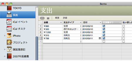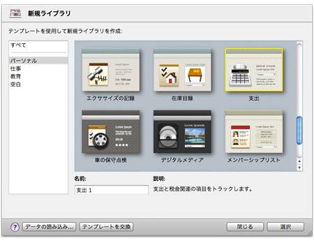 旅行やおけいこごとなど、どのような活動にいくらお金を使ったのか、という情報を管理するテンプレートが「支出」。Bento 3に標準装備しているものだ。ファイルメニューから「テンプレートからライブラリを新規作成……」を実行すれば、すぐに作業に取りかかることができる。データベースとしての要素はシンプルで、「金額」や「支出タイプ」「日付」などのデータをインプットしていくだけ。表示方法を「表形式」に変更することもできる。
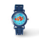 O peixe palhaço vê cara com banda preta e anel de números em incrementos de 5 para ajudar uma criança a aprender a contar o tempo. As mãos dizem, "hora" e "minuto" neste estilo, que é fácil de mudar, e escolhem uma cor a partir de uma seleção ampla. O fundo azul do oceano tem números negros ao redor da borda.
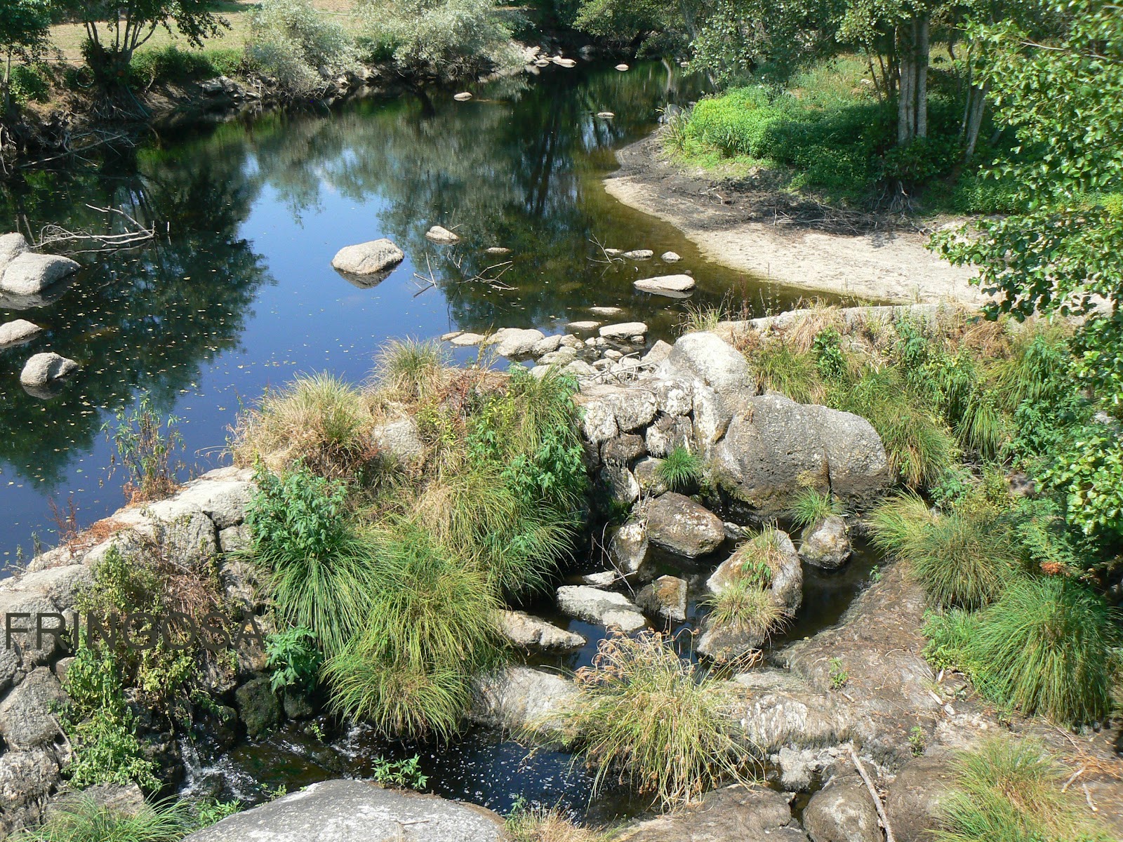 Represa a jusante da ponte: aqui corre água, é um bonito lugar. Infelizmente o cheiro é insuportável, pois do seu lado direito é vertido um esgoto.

* [ASSIGNED TASK]:
When you copy the data, keep every line exact and leave out each picture.

* [RESPONSE]:
 旅行やおけいこごとなど、どのような活動にいくらお金を使ったのか、という情報を管理するテンプレートが「支出」。Bento 3に標準装備しているものだ。ファイルメニューから「テンプレートからライブラリを新規作成……」を実行すれば、すぐに作業に取りかかることができる。データベースとしての要素はシンプルで、「金額」や「支出タイプ」「日付」などのデータをインプットしていくだけ。表示方法を「表形式」に変更することもできる。
 O peixe palhaço vê cara com banda preta e anel de números em incrementos de 5 para ajudar uma criança a aprender a contar o tempo. As mãos dizem, "hora" e "minuto" neste estilo, que é fácil de mudar, e escolhem uma cor a partir de uma seleção ampla. O fundo azul do oceano tem números negros ao redor da borda.
 Represa a jusante da ponte: aqui corre água, é um bonito lugar. Infelizmente o cheiro é insuportável, pois do seu lado direito é vertido um esgoto.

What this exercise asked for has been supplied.